When Gordon Brown announced the abolition of the minimum funding requirement in the Budget, a collective sigh of relief went up from those involved with defined benefit pension schemes.
However, that same afternoon, the Government published a short consultation paper putting forward its proposals for replacing MFR. The political need for putting something in place of MFR is clear. Whatever may be said against MFR – and there is a lot that can – it does provide some lower limit to the security of the member's accrued rights in a defined-benefit pension scheme.
If the Government simply removed MFR with only Paul Myners' transparency statement instead, member security would undoubtedly have been weakened. That would have left the Government politically vulnerable in an election year and offered up a hostage to fortune for many years to come.
The consultation paper has two key proposals that the employer should “stand behind the defined-benefit promise” and that the scheme actuary should give consideration to the strength of the employer when assessing the scheme-specific funding criteria.
Standing behind the defined-benefit promise means making sure that the member gets the promised level of accrued defined benefits, at least where the employer remains solvent.
The Government recognises that dealing with the underfunded defined-benefit scheme of an insolvent employer is more difficult and the second key aim is to avoid such a situation arising in the first place. Presumably, the intention is that the more concern the scheme actuary has about the possibility of the employer going bust in future, the closer to the cost of annuity buyout will the actuary try to target the scheme funding level.
The problem, of course, is that, in current circumstances, annuity buyout rates are much more expensive than 100 per cent of MFR and the very act of demanding a cash injection from the employer may make it more likely that the employer does go bust.
A defined-benefit scheme of a solvent employer could hope to limit the cost to the employer by ceasing accrual and investing in equities on a closed fund basis.
If the equities perform as well as hoped (and the employer does not go bust in the meantime), that is fine. If not, the employer may be dig ging an even deeper hole for everyone.
Personally, I think the Government is correct in principle – an employer who is not prepared to “stand behind the defined benefit promise” has no business to be offering a defined-benefit pension scheme in the first place.
Also, there is some uncertainty about whether an employer can legally walk away from the pension promise anyway. Often, the scheme documentation will go further than the existing pension legislation requires. How practical it is to pursue the employer for the difference between 100 per cent of MFR and the cost of annuity buyout is another matter.

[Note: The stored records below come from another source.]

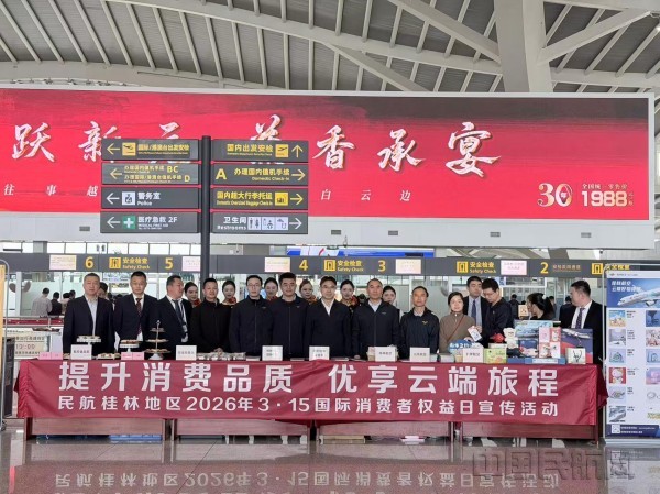 《中国民航报》、中国民航网 记者冯智君 报道:2026年3月15日,民航桂林监管局组织辖区各单位在桂林机场T2候机楼开展“3.15国际消费者权益日”系列宣传活动。活动围绕“提振消费品质,优享云端旅程”主题,结合丰富多彩的节目表演和游戏互动,让旅客沉浸式感受航空出行新体验。
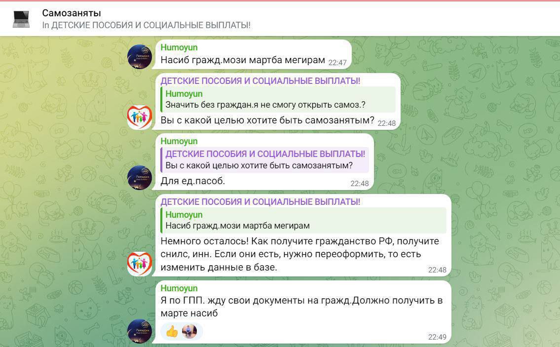 Эта схема расцветает не только в ХМАО. В соцсетях мигранты делятся хитростями: как регистрироваться самозанятыми, чтобы получать кучу выплат, игнорируя налоги и легальный труд. Скриншоты показывают, как семьи платят кредиты за элитное жилье, но продолжают числиться бедняками. Читатели жалуются: одна "специалистка" по пособиям в Сургуте сама живёт во Франции, жирея на барышах от оформления документов. Силовикам пора провести контрольную закупку и размотать всю цепь.
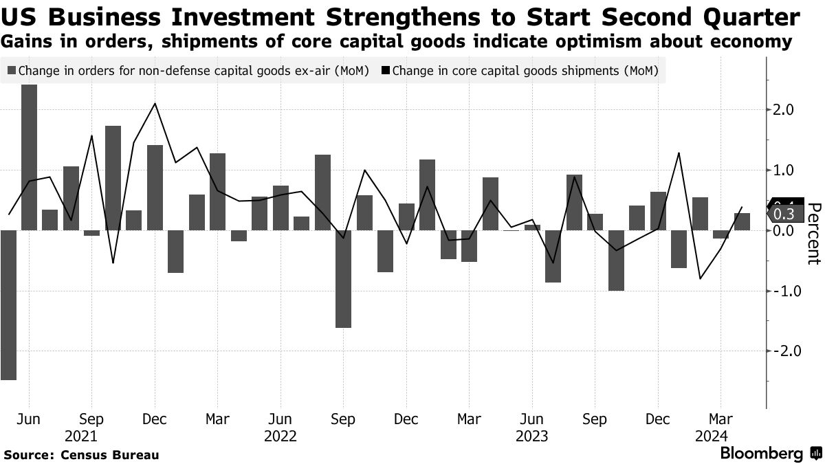 4月份向美国工厂下达的商业设备订单超过了预期,表明企业仍专注于进行长期投资,尽管前景不明朗且借贷成本高企。
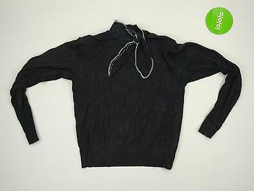 Czarny sweter damski Reserved, rozmiar S. - Krój: klasyczny, lekko dopasowany, rękaw 3/4 - Dekolt: okrągły, ozdobiony efektowną aplikacją/łańcuszkiem w kolorze srebrnym - Materiał: 70% akryl, 30% ...
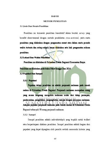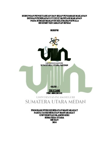 Utami, Tri (2024) Hubungan Pengetahuan dan Sikap Penjamah Makanan dengan Penerapan Hygiene Sanitasi Makanan pada Rumah Makan di Kelurahan Kwala Begumit Kecamatan Binjai. Diploma thesis, UIN Sumatera Utara.
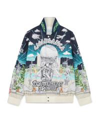 The Le Temple Du Sport leather crystal bomber jacket is made as part of the exclusive collaboration with Jeff Hamilton - it's a take on our tennis club with landscape and floating elements - depicting a very idealist, glory-to-sport layout. Crafted from wool, leather and crystals, featuring ancient Greek influence intertwined with futuristic elements and boasts lego-like designs adorned with crystal fusion, aligning with the seasonal artwork. Completed with leather cuffs and hem, a stand-up collar with the house's signature Laurel leaf artwork. - Leather and crystals - 100% leather - Embellishment: crystals - Le Temple Du Sport multicolour - Specialised dry clean only - Made in USA - Fits true to size, take your regular size - The model is 187cm/6’1 and is wearing a size M
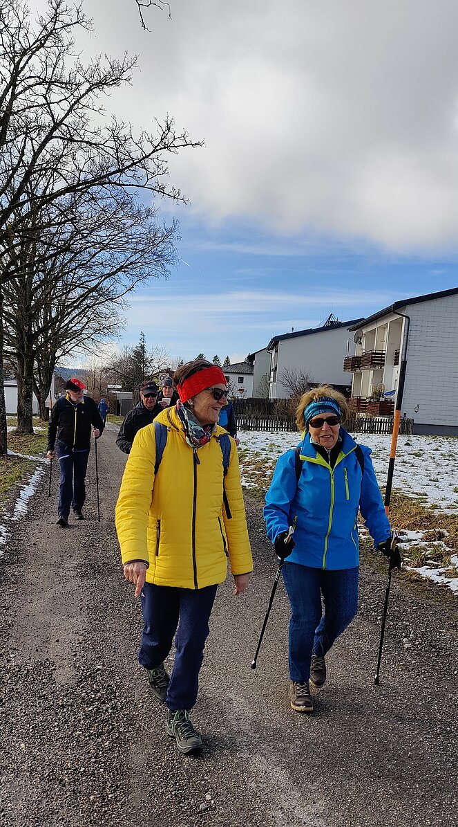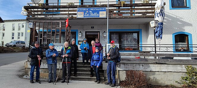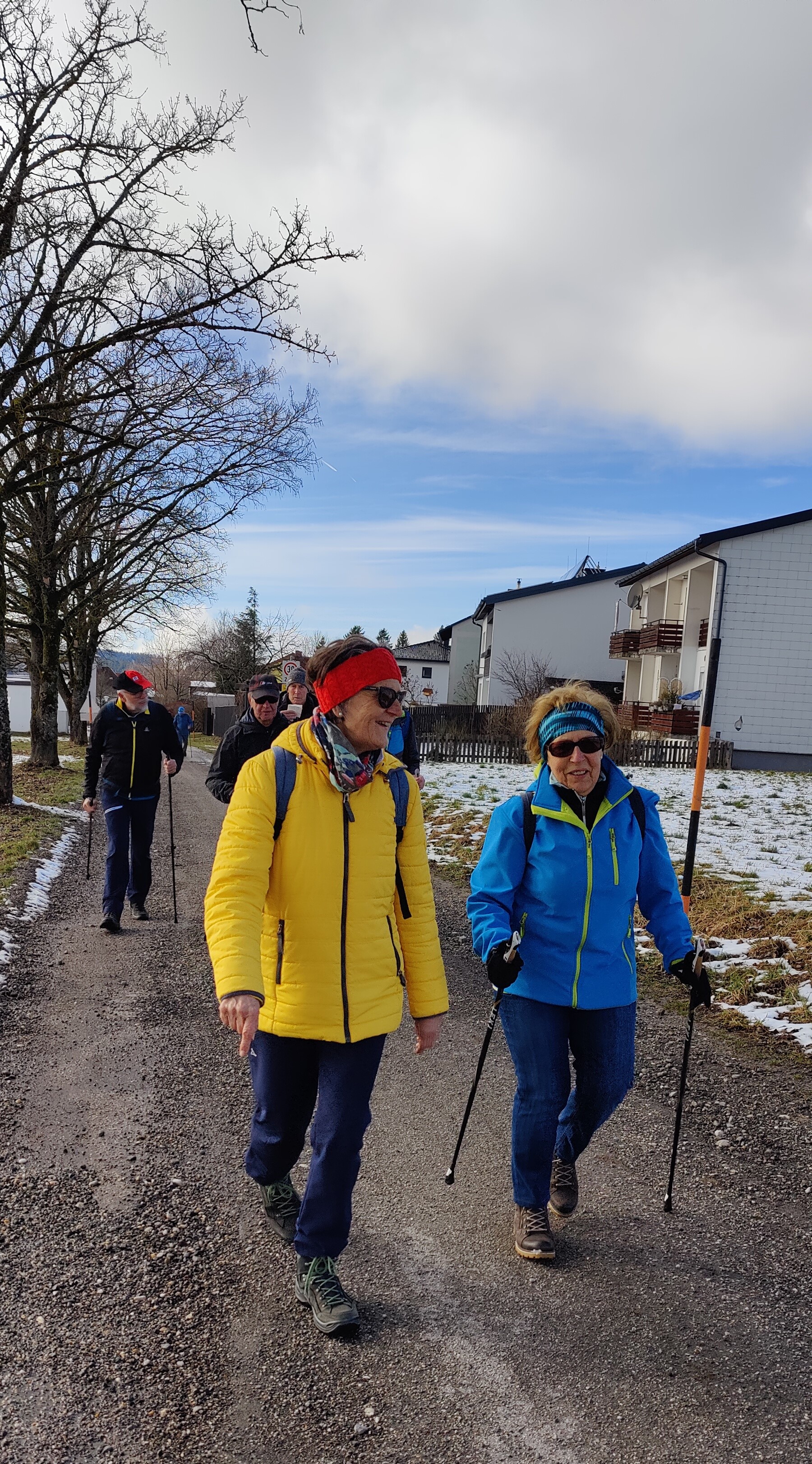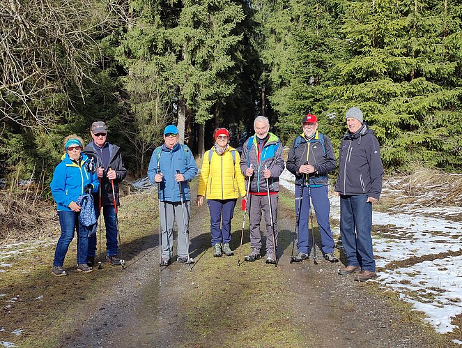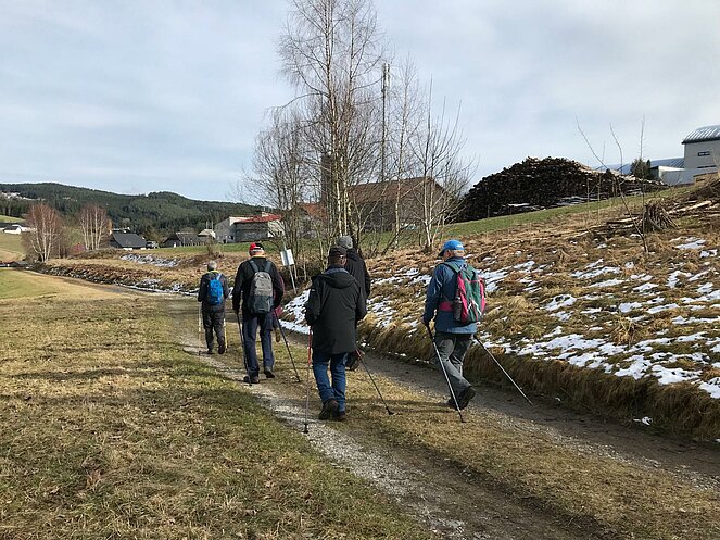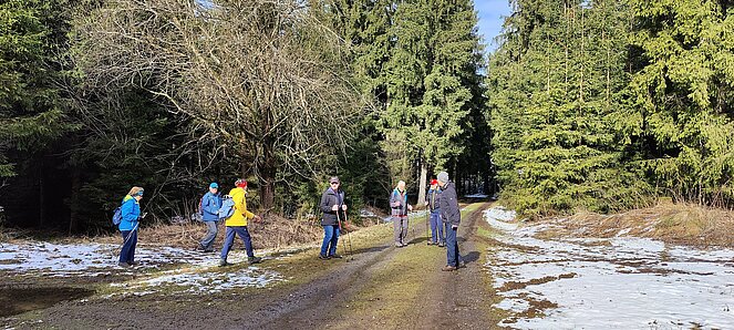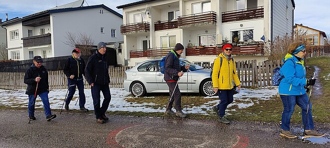 Neun Personen wanderten am 24. Februar 2024 bei Sonnenschein auf teilweise verschneiten Wegen von Hellmonsödt nach Reichenau.

There are some pretty clear conclusions for IFAs in all this. The Government is committed to abolishing MFR but its alternative proposals for safeguarding member security could be altered as a result of the consultation process which is now taking place. But IFAs cannot afford to be complacent about the potential impact of these proposals on their defined-benefit clients.
Just imagine the client's reaction if a rival IFA is first to tell them the Government is proposing to raise their commitment to the existing scheme from 100 per cent of MFR to, say, 130 per cent of MFR.

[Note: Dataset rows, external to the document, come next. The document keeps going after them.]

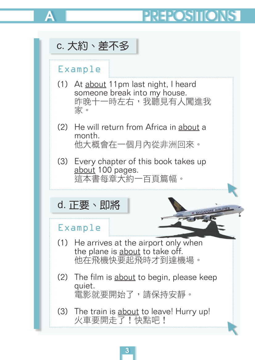 - 大量實例舉隅,點出各介詞在用法上的細微分別
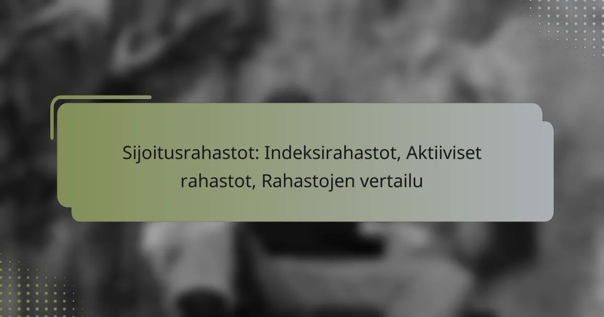 Sijoitusrahastot jakautuvat pääasiassa kahteen tyyppiin: indeksirahastoihin ja aktiivisiin rahastoihin. Indeksirahastot seuraavat markkinaindeksiä ja tarjoavat alhaiset kustannukset, kun taas aktiiviset rahastot pyrkivät ylittämään markkinoiden tuotto-odotukset joustavilla strategioilla, mutta ne voivat sisältää korkeampia hallintokuluja ja riskejä. Sijoittajien on tärkeää vertailla näitä vaihtoehtoja huolellisesti ennen sijoituspäätösten tekemistä.
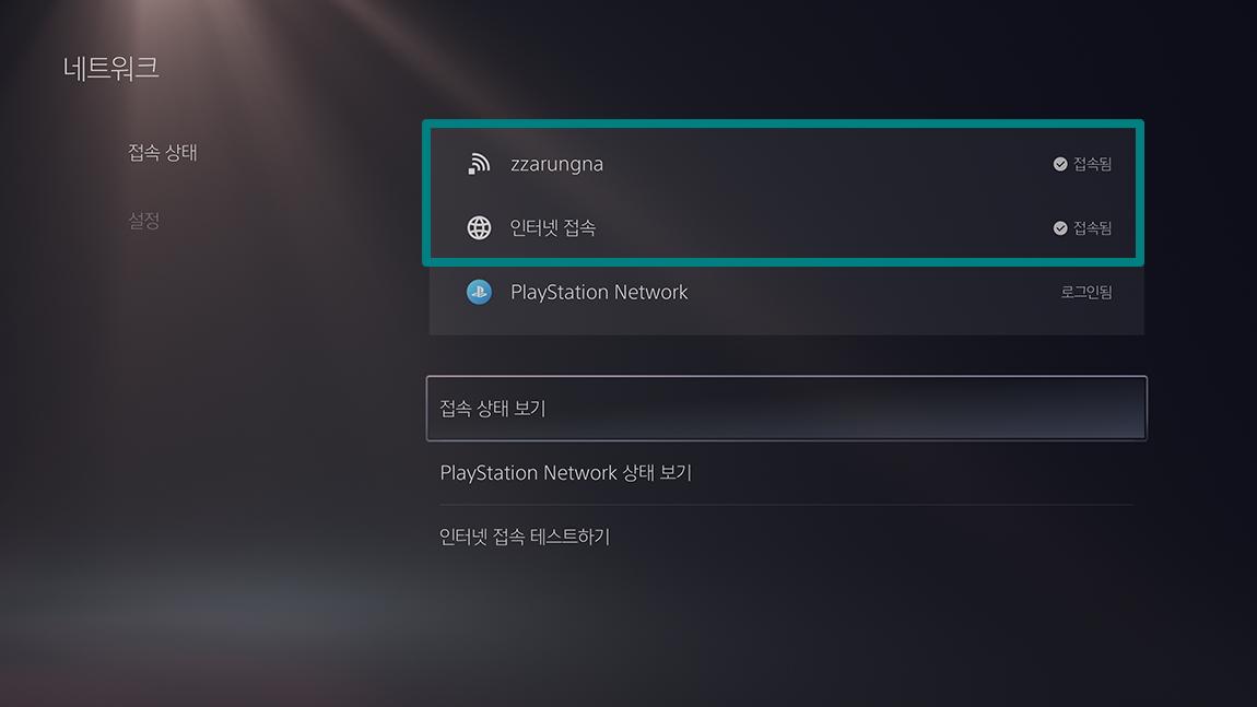 PS5 기기에서 무선방식과 유선 방식으로 모두 연결하셨다면 PS5 기기에 아래 이미지와 같이 유선과 무선 연결이 모두 접속됨으로 표시됩니다.

It will be important to understand the existing scheme's documentation with regard to whether the employer is already committed to annuity buyout costs in the event of the scheme winding up. Legal advice may be necessary on this point.
It will be particularly important for the IFA to be clear about whether the client is the employer or the scheme trustees.

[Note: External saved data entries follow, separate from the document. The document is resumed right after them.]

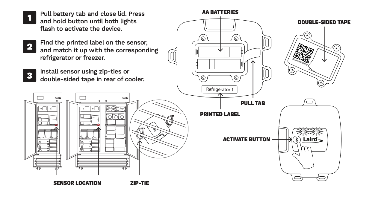 Insert the batteries into the sensor. Press and hold the button until both lights flash.
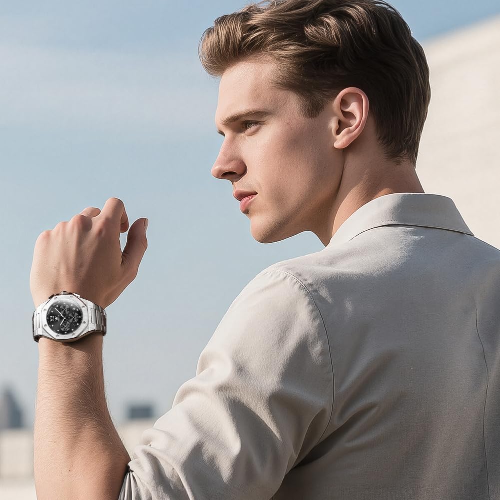 - Comfortable Fit – The stainless steel band is designed for all-day comfort, with a secure clasp and adjustable links to accommodate various wrist sizes. Its balanced weight and smooth finish ensure it sits comfortably without pinching or irritation.
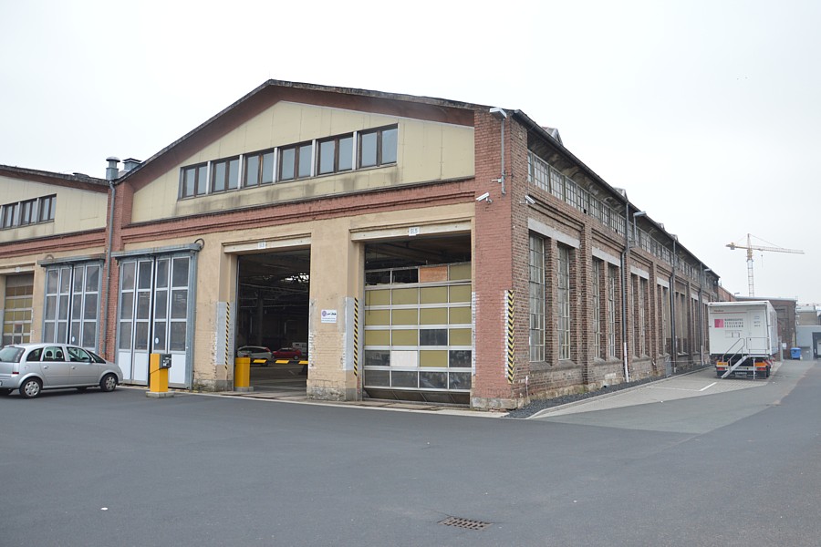 – Die Südecke der Richthalle I. In diesen Hallenbereich ist eine Parkgarage eingezogen, in die Tore der Gleise 5 bis 8 sind daher teilweise neue Tore und die Zufahrtschranke eingebaut.

It is perfectly possible that the two entities will have conflicting agendas, even though a majority of the trustees could be directors and senior managers of the employer. When wearing their trustee hats, they must put the interests of the beneficiaries first.
The two major loose ends which the Government ack-nowledges in its consultation paper are what to do when the employer is bust and the scheme cannot afford full buyout and what to do about individual transfer values from defined-benefit schemes when MFR ceases to underpin them.